Tonton Marcel, nom d’un chien !

 

 

Cette année la soirée « Noël » se tenait chez mon fils aîné, Marcel.

Edouard, mon deuxième fils voulait offrir comme présent à ses enfants un jeune chiot qu’ils ne découvriraient que pendant l’échange des cadeaux.

L’adorable petite bête devrait entretemps rester hors de la vue de ses futurs petits maîtres, à leur insu Edouard me confia le petit animal blotti au fond d’une caisse en carton.

Nous l’avons ramenée chez nous où Mirzah l’accueillit affectueusement avec force coups de langue. Nous avons ainsi découvert cette charmante invitée qui adulte devrait ressembler à Milou, le chien de Tintin. La cohabitation se passa sans problème, même Lech accepta ce nouveau compagnon.

Le grand jour arriva, la nouvelle petite chienne fut logée dans la petite « cage » destinée au transport des chats et s’en accommoda, avant l’échange des présents elle resterait dans la voiture.

Le grand moment venu, je partis la prendre et remis le « colis » à Edouard qui en ouvrit la porte devant ses enfants surpris, ravis et fous de joie.

Plus rien ne comptait pour eux que de jouer avec cette délicieuse petite bête, derechef ils la nommèrent « Tonton Marcel ». Le petit chiot s’habitua très vite à l’assemblée ou chacun voulait la caresser.

La soirée se poursuivit par un excellent repas et le plaisir de voir la famille réunie.

La petite chienne officiellement s’appelle « Java » mais les petits continuent à la nommer « Tonton Marcel », elle grandit en beauté et gentillesse.

11/12/2014

Qui fait la police ?

 

Nous venons d’entendre au JT des conseils pour éviter les cambriolages.

 

Comme nous appliquons déjà les consignes de base, nous nous sommes posé la question de dispositions supplémentaires en observant  Mirzah et Lech plongées dans leurs siestes respectives.

 

Chats et chiens sont des animaux polyphasiques qui tout au long de la journée de 24 heures alternent veille et sommeil.

 

Je leur ai proposé  d’assurer la garde de nuit. Toutes deux sont équipées de mini émetteurs-récepteurs radio dont les conversations sont enregistrées. En cas d’extrême urgence Mirzah réveillera ses maîtres.

 

Le lendemain, impatient j’ai écouté le premier enregistrement :

 

Mirzah somnolait dans son fauteuil favori et Lech était de veille. Et soudain !

 

  • Mirzah à Lech : « Je viens d’entendre un bruit bizarre, sors par la chatière et vas te rendre compte. Over »
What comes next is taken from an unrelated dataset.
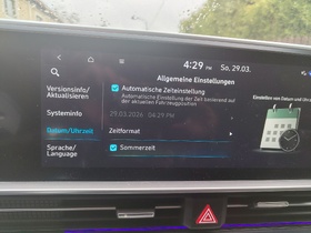 • Auch wenn es für die heutige Uhrenumstellung vermutlich schon zu spät ist, vielleicht als good to know fürs zurückstellen im Oktober: Hyundai weiß nicht, dass man in Europa seit 45 Jahren Sommer- und Winterzeit hat, man muss die Uhr im Fahrzeug tatsächlich manuell umstellen. Was ja an sich kein Problem ist, nur: die Aufladung und Heizung des Fahrzeugs orientiert sich ebenfalls an der Uhrzeit die im Fahrzeug einsgestellt ist, nicht an der tatsächlichen Uhrzeit. Das bedeutet, wenn man am Sonntag der Uhrenumstellung ein geladenes und vorgeheiztes Auto haben möchte, muss man die Abfahrtzeit im Frühjahr eine Stunde früher einrichten, im Herbst dann eine Stunde später. Was ich nicht gemacht hatte, und deshalb der Ladevorgang zu spät und das vorheizen gar nicht gestartet ist, und ich wie im Mittelalter manuell die Scheiben frei kratzen und im Auto frieren musste 😄 Übrigens auch bei dynamischen Stromtarifen zu beachten, weil das Zeitfenster der Ladung dann nicht mehr zu dem des günstigsten Ladepreises passt, auch hier muss man dann bei der Ladeplanung manuell die Ladezeit vor bzw zurückstellen - oder gleich am Vorabend schon die Uhr umstellen, was ich mir jetzt ab dem nächsten Mal als automatische Erinnerung eingerichtet habe.

  • Lech à Mirzah : « Bien compris, j’y vais. Over »

  • Lech à Mirzah : « Ce n’était que le chat blanc qui te remet son bonsoir. Tu peux te recoucher, je rentre. Over »

  • Mirzah à Lech : « OK, ouvre l’oeil. Out »

 

Ce fut la seule intervention de cette nuit.

 

 La maison est donc bien gardée, merci les gentilles bêtes, vous n’aurez pas volé sieste et friandises.

 

Pour compléter leur formation, je vais leur apprendre à actionner les projecteurs.

 

Le brigadier Moustachon, ami de bébé Antoine ( la marionnette) , nous a félicité pour notre initiative. Il en fera rapport à sa hiérarchie.

 

 

 

21/09/2014

Pré Baudet

Le pré Baudet avec de vrais ânes

 

La « Cité des Ours » s’étend dans la vallée de la Meuse, par conséquent la plupart des promenades débutent par des chemins pentus qu’il convient de gravir pour accéder au plateau, bordure Nord du Condroz.

Un de ces sentiers longe le « Pré Baudet », une pâture qui épouse la pente du relief et qui était jadis la piste de luge de la ville. Deux pentes étaient disponibles : la « petite » pour les débutants et la « grande » pour les plus audacieux. Dans les meilleures conditions une descente sur cette dernière se terminait sur la route.

A mi-chemin du sentier, je m’arrêtai, essoufflé, avec Mirzah le bon chien qui voulait pas me tracter. J’en profitai pour contempler avec nostalgie le théâtre du seul sport d’hiver que j’aie pratiqué et me reposer. Dans le fond du pré pâturaient quelques ânes peut-être là pour confirmer la dénomination du lieu-dit.

Nous reprîmes l’ascension de plus en plus raide et caillouteuse pour accéder au hameau de Stud et profiter du soleil et d’un agréable panorama bucolique. A flanc de colline, nous continuons  jusque l’altitude de 187 m, certifiée par un panneau récompensant les courageux passants. Ensuite, la vue de la ferme de la Vaudaigle, dominée par sa jolie tour justifia une pause demandée par la petite chienne fatiguée.

Nous poursuivons la promenade en traversant le hameau de Groyinne par une montée aisée.

A gauche de l’église, un chemin agricole nous ramène vers la ville encore invisible lovée dans la vallée, la vue sur Stud est très belle et nous mesurons le chemin parcouru. Nous atteignons le lieu-dit « Peu d’eau » accès à la descente par « l’ancienne Chaussée de Ciney ».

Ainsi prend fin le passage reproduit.